For each edge, its temporal variability was quantified, forming the variability network per child. Thereafter, we obtained the network topology variability by grand-averaging the variability networks across participants, and a threshold strategy was then adopted to detect the fluctuating temporal patterns in resting-state networks. Concerning this threshold, until now, there is still no standard to select an optimal one, since an overlarge threshold will have some suspicious linkages remaining, while a small one may lose important linkages. In previous studies, researchers have defined the 20% network edges with the largest fuzzy entropy as the flexible network organizations, which were indeed helpful for accurately classifying different groups and predicting cognitive performance (Li et al 2021, Jiang et al 2022b). Hence, following this strategy, a 20% threshold was adopted to capture flexible network organizations.

2.4.4. Network properties

After acquiring related networks, it has been well documented that network properties, which are regarded as lower-dimensional expressions of complex networks, can deepen our understanding of how these networks are structurally organized and how they generate complex dynamics (Bullmore and Sporns 2009, Rubinov and Sporns 2010, Jiang et al 2022a), as well as informing us on brain cognition and clinical disease. Consequently, to quantify the brain's potential for functional segregation and integration, as well as to reflect the efficiency of information processing in brain networks (Si et al 2019), four network metrics, i.e. characteristic path length (L), local efficiency (Le), global efficiency (Ge), and clustering coefficient (C), were calculated (Rubinov and Sporns 2010). Thereinto, the C is defined as the fraction of triangles around an individual network node. Le is the average efficiency of the local subgraphs. Both C and Le are related to the estimation of the potential for functional segregation between brain lobes and reflect the local information processing capacity of the brain networks,

$$\begin{equation}C = \frac{1}{N}\sum\limits_{i \in \theta } \frac{{\sum\limits_{j,l \in \theta } {{({w_{ij}}{w_{il}}{w_{jl}})}^{1/3}}}}{{\sum\limits_{j \in \theta } {w_{ij}}\left(\sum\limits_{j \in \theta } {w_{ij}} - 1\right)}},\end{equation} \tag{ 10 }$$

$$\begin{equation}Le = \frac{1}{N}\sum\limits_{i \in \theta } \frac{{\sum\limits_{j,l \in \theta ,j \ne i} {{({C_{ij}}{C_{il}}{{[{d_{jl}}({\theta _i})]}^{ - 1}})}^{1/3}}}}{{\sum\limits_{j \in \theta } {C_{ij}}{{\left(\sum\limits_{j \in \theta } {C_{ij}} - 1\right)}^{}}}}.\end{equation} \tag{ 11 }$$

In addition, Ge is the average efficiency of the related brain network and L is the mean value of the shortest path length between all pairs of network nodes. They are applied to estimate the potential for functional integration among brain areas and reflect the efficiency of global information processing in brain networks,

$$\begin{equation}Ge = \frac{1}{N}\sum\limits_{i \in \theta } \frac{{\sum\limits_{j \in \theta ,j \ne i} {d_{ij}}^{ - 1}}}{{N - 1}},\end{equation} \tag{ 12 }$$

$$\begin{equation}L = \frac{1}{N}\sum\limits_{i \in \theta } {{L_i}\; = \frac{1}{N}\sum\limits_{i \in \theta } {\frac{{\sum\nolimits_{j \in \theta ,j \ne i} {{d_{ij}}} }}{{N - 1}}} } \end{equation} \tag{ 13 }$$

where d_ij is the weighted shortest path length between nodes i and j, θ denotes the set of all network nodes, N is the node number, and w_ij indicates the weighted connectivity strength between nodes i and j.
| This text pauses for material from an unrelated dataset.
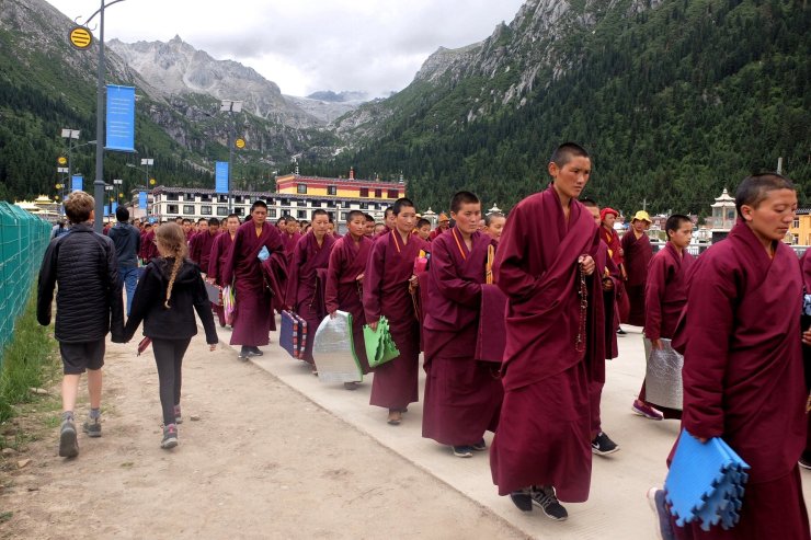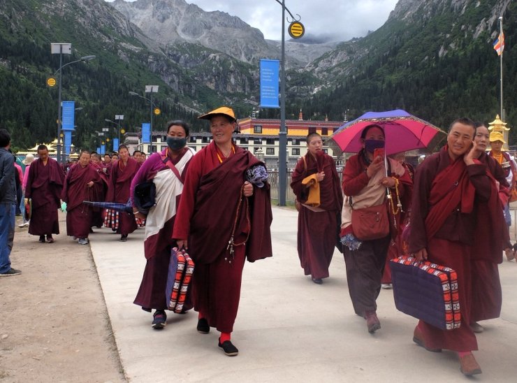 Nous continuons notre route Ă travers montagnes et vallĂ©es du Kham pour dĂ©couvrir les monastĂšres les plus importants de la rĂ©gion. Beaucoup sont rĂ©cemment reconstruits, sur des sites historiques, en grande partie grĂące aux dons de pratiquants bouddhistes chinois souhaitant accĂ©der Ă l’enseignement de MaĂźtres reconnus.

Herein, for each resting-state time-varying network, the four properties were calculated using the brain connectivity toolbox, forming the time-varying network properties that varied across time. Then, fuzzy entropy was also adopted to quantify the temporal variability of these properties, which reflected the fluctuating complexity in the properties' time series (Yu et al 2015).
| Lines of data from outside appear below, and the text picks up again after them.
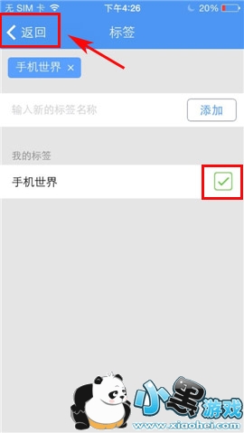 2、第一次添加还要写标签名,点击【添加】,在你添加标签名打上勾即可,点击【返回】。
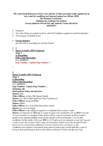• The Asbo Order got granted in Error with Full Conditions against me and Fraudulently!
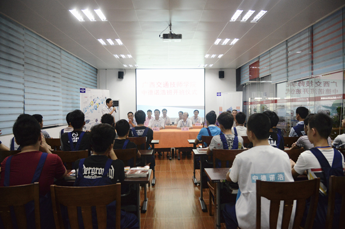 5月28日上午,我院在德能樓二樓(lóu)舉行“中德(dé)諾(nuò)浩”班開班儀(yí)式。學院鍾(zhōng)修仁院長,羅華書記,汽(qì)車係、招生就業處、學生工作處相關負責人出席,中德諾浩教師團隊、班主任和全體學員參加了儀式。

2.4.5. Statistical analysis

Herein, to investigate the topologies and properties differences of the variability networks among the pre-treatment ASD, post-treatment ASD, and TD groups, two-way (i.e. Group × Band) repeated analysis of variance (ANOVA) were accordingly performed within these four bands. First, the normality of the data was verified using the Kolmogorov–Smirnov and the Shapiro–Wilk's W tests. For data in which the assumption of normality was not validated, their logarithmic transformations were calculated to meet the assumption of normal distribution (Van Albada and Robinson 2007, Sikka et al 2019). Mauchly's test was used to test the assumption of sphericity for repeated measures factor ANOVA, while Greenhouse–Geisser corrected significance values would be further used when sphericity was lacking (Meyers et al 2016). Thereafter, in case of significant main effects, post hoc comparisons were accomplished using the least significant difference (LSD) with adjustment for multiple comparisons.
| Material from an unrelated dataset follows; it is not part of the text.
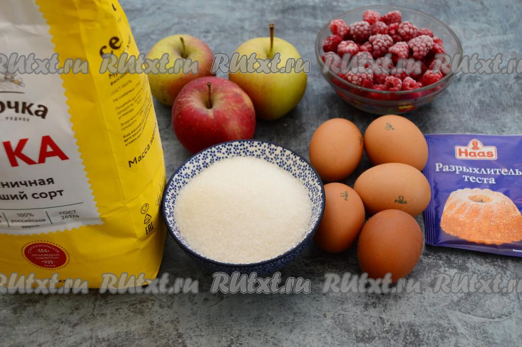 Подготовить продукты. Отмерить сахар и малину. У меня малина была замороженная, я её не размораживала (если у вас на ягодах много льда, тогда дайте малине немного разморозиться, лишнюю воду слейте). Если будете готовить шарлотку со свежей малиной, тогда её можно промыть, а затем обсушить.

2.4.6. Predicting the long-term after-effects of rTMS

Given follow-up assessments for ASD patients were also accomplished by clinical scales, we finally predicted the aftereffect of rTMS on ASD patients by developing credible biomarkers during the treatment stage. To achieve this, Pearson's correlation analyses were first applied to probe underlying correlations between clinical scores and network properties, whose results were further multiply corrected by the false discovery rate (FDR). Additionally, we assumed the fluctuations of the pre- and post-treatment network metrics (e.g. the ΔC, ΔGe, ΔLe, ΔL) may be proportional to the clinical scores at follow-up (i.e. the 4wl-treatment stage). Moreover, network properties within different bands reflect the varying spontaneous brain operations and functions (Steriade et al 1990), which can provide complementary and comprehensive information for further analysis. For example, using the properties of different brain rhythms, a previous study has successfully discriminated seizure events from normal brain operations (Quintero-Rincón et al 2016). Hence, in our present study, based on these network metrics in four bands, a stepwise multiple linear regression model was accordingly established to predict the clinical scores at the 4wl-treatment stage (CS_4wl ).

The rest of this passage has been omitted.